В сенях топот это приходят за молоком наши покупатели. Их много человек двадцать. Я вытаскиваю из холодильника наполненные вечерним молоком полторашки2 и укладываю в большую дорожную сумку. Охлаждённое вечернее молоко мы продаём на минирынке в Райцентре, где у нас тоже есть постоянные покупатели, и куда нас поочерёдно то Оксану, то меня подвозит попутно Наталья Фёдоровна. Она работает в районной администрации и ездит на службу на личной «Тойоте».

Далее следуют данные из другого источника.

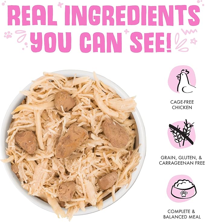 - Amazon Livin' (5. 5oz cans, pack of 24) Featuring thinly shredded, cage-free boneless, skinless white-meat chicken and chicken liver in gravy. Chunks of liver are sure to entice even the pickiest cat!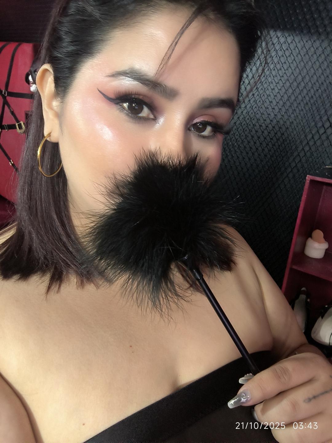 Jag är den perfekta blandningen mellan sötma av intrig och fasthet av vem som har kontroll. För när jag ger mig, gör jag det på mina egna villkor, och jag älskar känslan av att ha någon vid mina fötter, se hur lust och lydnad blandas i varje viskning, varje rörelse.. Det är inte att han söker att domineras i allt, men när jag hittar vem som vet hur man gör det, när dynamiken passar, ger jag mig själv säkerheten att det är jag som har makten att bestämma, som sätter takten. Jag gillar att de dominerar mig, ja, men alltid under mina regler. Eftersom i mitt mysterium finns det också styrka, och i min mildhet, en fast hand som vet exakt vad han vill.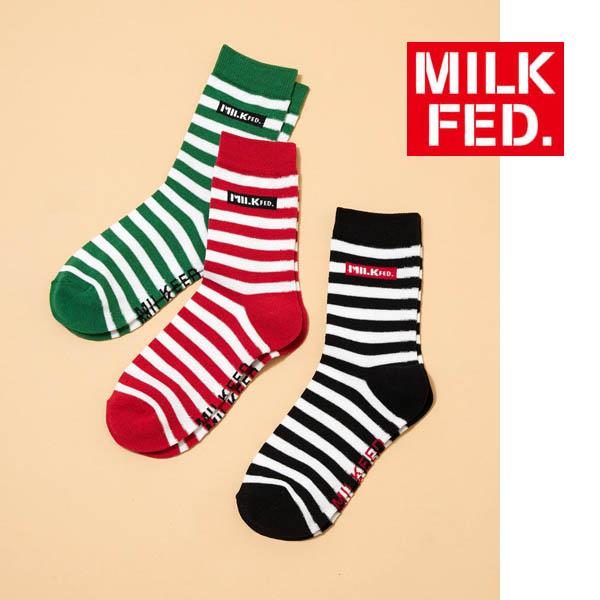靴下 ソックス ミルクフェド レディース クルーソックス MILKFED STRIPED BAR LOGO SOCKS 103232054003 黒

Вытаскиваем сумку в сени. На пороге появляется Зина Перелесова. Ей семьдесят пять лет. Прожитые годы не украшают её: на голове не благородная седина, а давно нечёсаные короткие волосы непонятного цвета, она трясётся от перенесённого сорок лет назад бруцеллёза, а один глаз больше другого, наверное, от глаукомы. Ходит Зина с палкой, которая долгие годы служила черенком в чьей-то лопате, моется редко, особенно зимой, потому что в доме её холодно: во-первых, от того, что он ветхий, во-вторых, от того, что неисправная печь дымит и плохо греет какое уж в таких условиях мытьё! С Зиной входит такой запах, что кажется, будто нас посадили в коптильную камеру.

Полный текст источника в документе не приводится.